Box 3.3Collaborating on Standards

IMF staff members have collaborated with a number of other groups to revise and develop standards. Staff members are working with

  • the Basel Committee on the New Basel Capital Accord—a crucial complement to the Basel Core Principles, the internationally recognized standard for banking supervision;
  • relevant international agencies to develop assessment methodology and guidance on international standards for securities regulation (International Organization for Securities Commissions, IOSCO), insurance supervision (International Association of Insurance Supervisors, IAIS), and systemically important payment systems (Committee on Payment and Settlement Systems, CPSS);
  • the Bank and the International Accounting Standards Board on developing more detailed standards and standards assessment methodologies for accounting and auditing;
  • other agencies to complete their work on the External Debt Guide and are assisting countries to compile data on external debt consistent with the Special Data Dissemination Standard (SDDS) requirements and the General Data Dissemination System (GDDS) recommendations.1 In this regard, the IMF posted the second draft of the Debt Guide on its external website seeking another round of comments before finalizing it; and
  • the Financial Action Task Force (FATF) and the World Bank to develop a methodology for enhancing the assessment of legal, institutional, and financial supervisory standards relevant for countering money laundering and terrorist financing (see text).
1 The Inter-Agency Task Force on Finance Statistics, formed under the aegis of the United Nations Statistical Commission and chaired by the IMF, is the coordinating body for this work.

In July 2001, during their Fourth Review of the IMF’s Data Standards Initiatives, Directors discussed the possible inclusion of FSIs in the SDDS. While a number of Directors believed this would be a useful development, others considered that such indicators should not be included even at a later stage, so as not to discourage new subscriptions and not to overburden existing subscribers. It was decided to return to the issue at a future date.

The work ahead on FSI-related issues includes activities in four areas: support of compilation efforts by national authorities; analytical and empirical work on measuring and analyzing FSIs; strengthened monitoring of FSIs, in cooperation with country authorities, as a key component of the FSAP/FSSA process; and encouraging national authorities to release the indicators to the public on a regular basis.

Offshore Financial Center Assessments

The IMF has extended its financial sector work to include offshore financial centers (OFCs). The program involves voluntary assessments of OFCs at three possible levels of intensity.2 As of end-April 2002, IMF staff have undertaken missions to 19 offshore financial centers for the purpose of gathering information, providing technical assistance, and assisting self-assessments; staff completed 9 OFC assessments and three (Cyprus, Gibraltar, and Panama) were published during the period. The Coordinated Portfolio Investment Survey (CPIS) organized by the IMF, which includes the participation of several important OFCs, will support this work by helping national statisticians to compile more comprehensive data on cross-border investment positions.

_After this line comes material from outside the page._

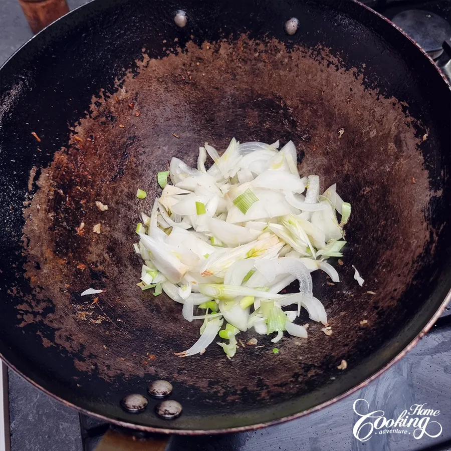 - Add remaining oil to the wok. Sauté the onion for 2–3 minutes until translucent.

Capital Account Liberalization

The IMF has strengthened its work on capital account issues, including by undertaking more analysis, giving more prominence to capital account issues in Article IV consultations, and expanding discussions with the private sector. The benefits of capital account opening include a more efficient international allocation of savings and improved productivity (for example, through technology transfer in foreign direct investment flows), enlarged opportunities for portfolio diversification, risk sharing, deeper financial markets, and a greater international division of labor. On the other hand, volatile international capital flows have played a role in a number of recent crises, pointing to the importance of appropriate sequencing of capital account liberalization.

In July 2001, in response to a request from the International Monetary and Financial Committee of the IMF, the Board held a preliminary discussion on financial sector stability and sequencing of capital account liberalization. Bearing in mind that there is no simple rule applicable to all countries, Directors discussed some general principles that could be helpful to countries in sequencing and coordinating capital account liberalization. These principles emphasize

  • the importance of macroeconomic stability and of giving priority to financial sector reforms that support such stability;
  • coordinating different financial sector policies to ensure mutually reinforcing reforms;
  • taking into account the initial condition of financial and nonfinancial entities and the effectiveness of existing capital controls;
  • implementing early, key measures that may have a long lead time;
  • considering the sustainability of the reform process; and
  • ensuring the transparency of the liberalization process.

The principles point to the desirability, in most cases, of liberalizing long-term flows (in particular foreign direct investment) ahead of short-term flows with suggestions of specific policy measures that should be put in place before different types of flows are liberalized. In many cases a gradual approach to liberalization may be required, but would not in itself guarantee orderly liberalization.

A workshop to discuss advanced country experiences with capital account liberalization took place in December 2001. Discussions will continue both within the IMF and with the private sector, including through the Capital Markets Consultative Group.3

Crisis Resolution

While the IMF’s efforts at crisis prevention should reduce the number of crises over time, it would be unrealistic to expect that all member countries will always be able to avoid crises. During FY2002, the Executive Board held continuing and informal discussions on a range of issues related to the resolution of financial crises and the role of the private sector.

In August 2001, the Board had a preliminary, informal discussion on a staff paper that reviewed the treatment of the claims of private sector and Paris Club creditors. The Board had requested staff to prepare a paper on issues relating to comparability of treatment between Paris Club and private sector claims in the exceptional cases in which a rescheduling by Paris Club and other official bilateral creditors is required. Directors felt that many of the questions raised by the paper were of a technical nature, but that the staff paper nevertheless provided a useful background to help advance the discussions between the staff and the Paris Club, and between the Paris Club and the private sector, on ways to address comparability of treatment and private sector involvement.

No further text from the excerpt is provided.